2. Operational Issues

2.1 Unsupported middleware update

Middleware services planned to be upgraded by end of November

There are currently (last check Dec 1st) 28 sites, who declared a plan to upgrade their services by the end of November, still with unsupported middleware, without a downtime on those services.
By today EGI Operations will open a new batch of NGI GGUS tickets, asking:

  • To open a downtime for the unsupported services by Friday COB
  • Sites with late plans (beyond November) should be already in downtime, if any of these sites have not done so they must open the downtime as soon as possible, possibly today COB
  • Sites with CLASSIC SE service types registered in GOCDB will be asked to remove those services.
Unsupported VOMS

VOMS is a critical services for the VOs, VOMS tickets status will be assessed one by one. Never the less sites deploying unsupported VOMS must provide an upgrade plans, or the technical reasons to delay the upgrade.

DPM LFC and WN

The middleware services that are unsupported since the end of November will raise critical alarms on the ROD dashboard by the end of this week. The probes are ready, currently the testing is being finalized, and Operations portal team is working for their integration in the operational dashboard.

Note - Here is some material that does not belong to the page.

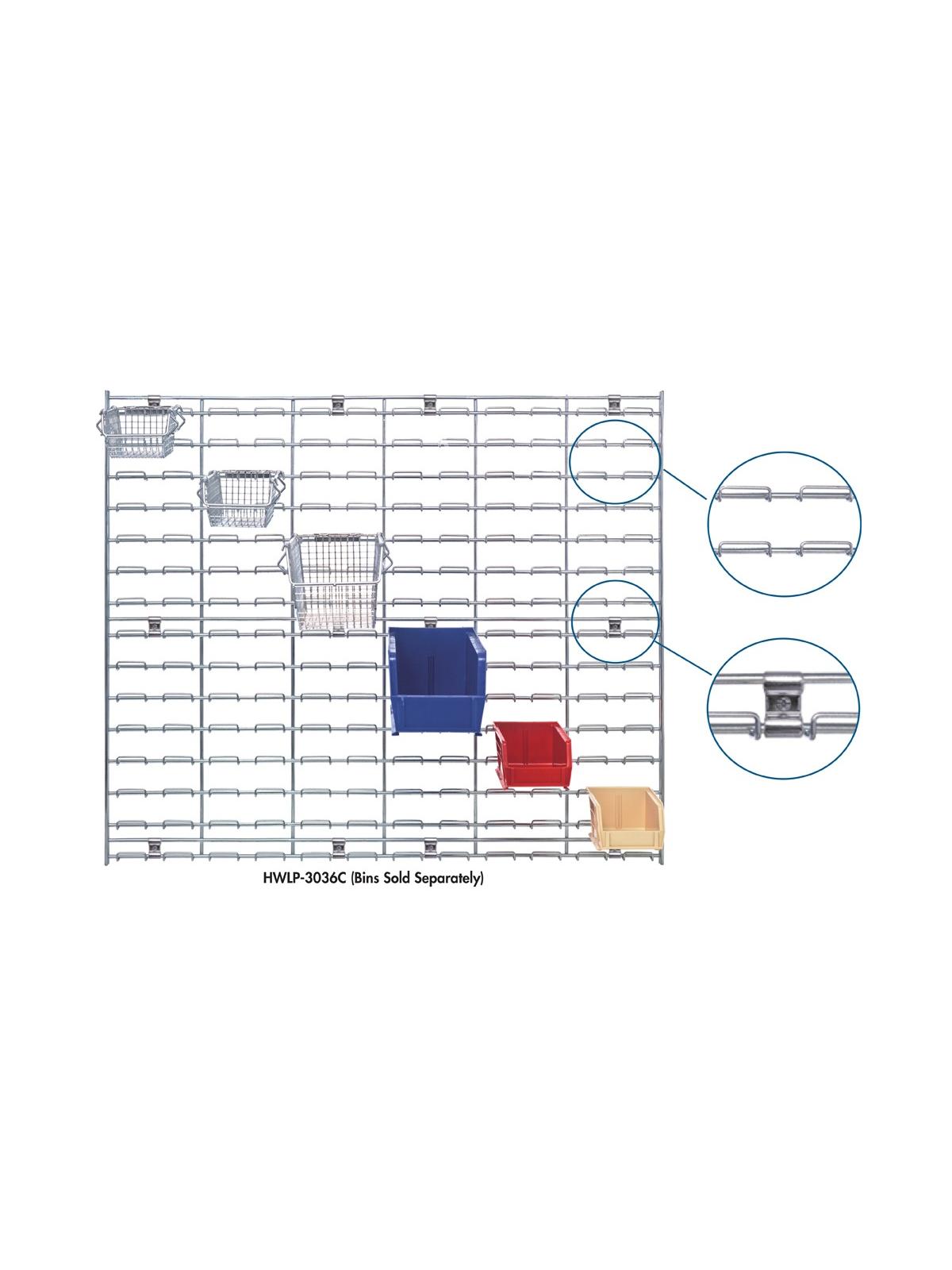 Quantum's new chrome wire louvered panels offer a perfect mounting solution for all plastic hanging and new wire mesh hanging bins. Unlike a standard louvered panel where there can be the occasional concern of dust or dirt accumulation, Quantum's exclusive offering of wire panels completely resists any buildup of dust or dirt. Direct mounting clips are included and enable fastening to any surface - wall, wood, concrete, or drywall. Offset mounting clips HWLP-OSC (see Related Items tab) are sold separately if you want the wire panel mounted offset and away from a wall surface for easier cleaning behind the panel. FOB Shipping Point.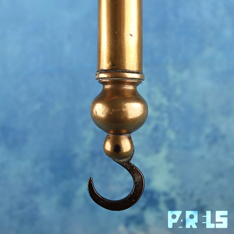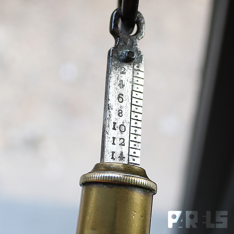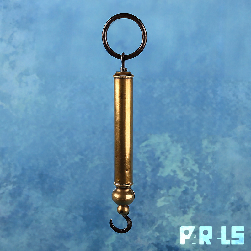 Antieke messing veerunster, ook wel een unster of veerweegschaal genoemd. Dit instrument werd vroeger gebruikt om gewichten te meten in onder andere handel, landbouw en huishoudens. Het is een type weegschaal dat de zwaartekracht meet door middel van de uitzetting van een veer. De ring aan de bovenzijde maakt het mogelijk om de unster op te hangen, terwijl de metalen haak onderaan geschikt is om allerlei objecten aan te bevestigen. Het gewicht lees je vervolgens bovenaan af (zie foto 3).

ROD teams have to follow the following escalation procedure, to follow up with the unsupported middleware alarms. The overall procedure for the unsupported middleware decommissioning is PROC16.

ARC unsupported middleware

There are still unsupported old versions of ARC in the infrastructure. They should be removed as well.

2.2 Updates from DMSU

FTS jobs abort with "No site found for host xxx.yyy" error

Details GGUS #87929

From time to time, some FTS transfers fail with the message above. The problem was reported at CNAF, IN2P3, and GRIDKA, noticed by Atlas, CMS, and LHCb VOs. The problem is appearing and disappearing in rather short and unpredictable intervals.

Exact reasons are not yet understood, we keep investigating. Reports from sites affected by similar problem will be appreciated.

Update Nov 20: The user reports that both problem disappeared, probably fixed together.

LCMAPS-plugins-c-pep in glexec fails at RH6 based WNs

Details GGUS #88520

Due to replacement of OpenSSL with NSS in the RH6 based distributions, LCMAPS-plugins-c-pep invoked from glexec fails on talking to Argus PEP via curl.

This is a known issue, as mentioned in EMI glexec release notes however, the workaround is not described in a usable way there.

Once we make sure we understand it properly and that the fix works, it will be documented properly at UMD pages and passed to the developers to

  1. fix the documentation
  2. try to deploy the workaround automatically when NSS-poisoned system is detected

UPDATE Nov 19th: the fix is now well explained in the known issues section and it will be included in a future yaim update

WMS does not work with ARC CE 2.0.1

Details GGUS #88630, further info Condor ticket #3062

The format of jobid changed in in the ARC CE release 12. This is not recognised by Condor prior to version 7.8.3. However, current EMI-1 WMS uses Condor 7.8.0. This breaks submission from WMS to ARC CE.

The problem hence affects CMS SAM tests as well as their production jobs.

Hence updates to ARC CE 12 should be done carefully before the Condor update is available from EMI.

UPDATE Nov 26th: on a test WMS it was installed Condor 7.8.6, and the submission to ARC seemed to work fine; since this WMS isn't available any more, further deeper tests should be performed, perhaps using the EMI-TESTBED infrastructure

3. AOB

3.1 UMD documentations

(Alessandro Usai)

3.2 Next meeting

2 weeks time would be Dec 17, the day before OMB.

  • We would need to skip to January 7th

4. Minutes

Available in the indico page: Minutes.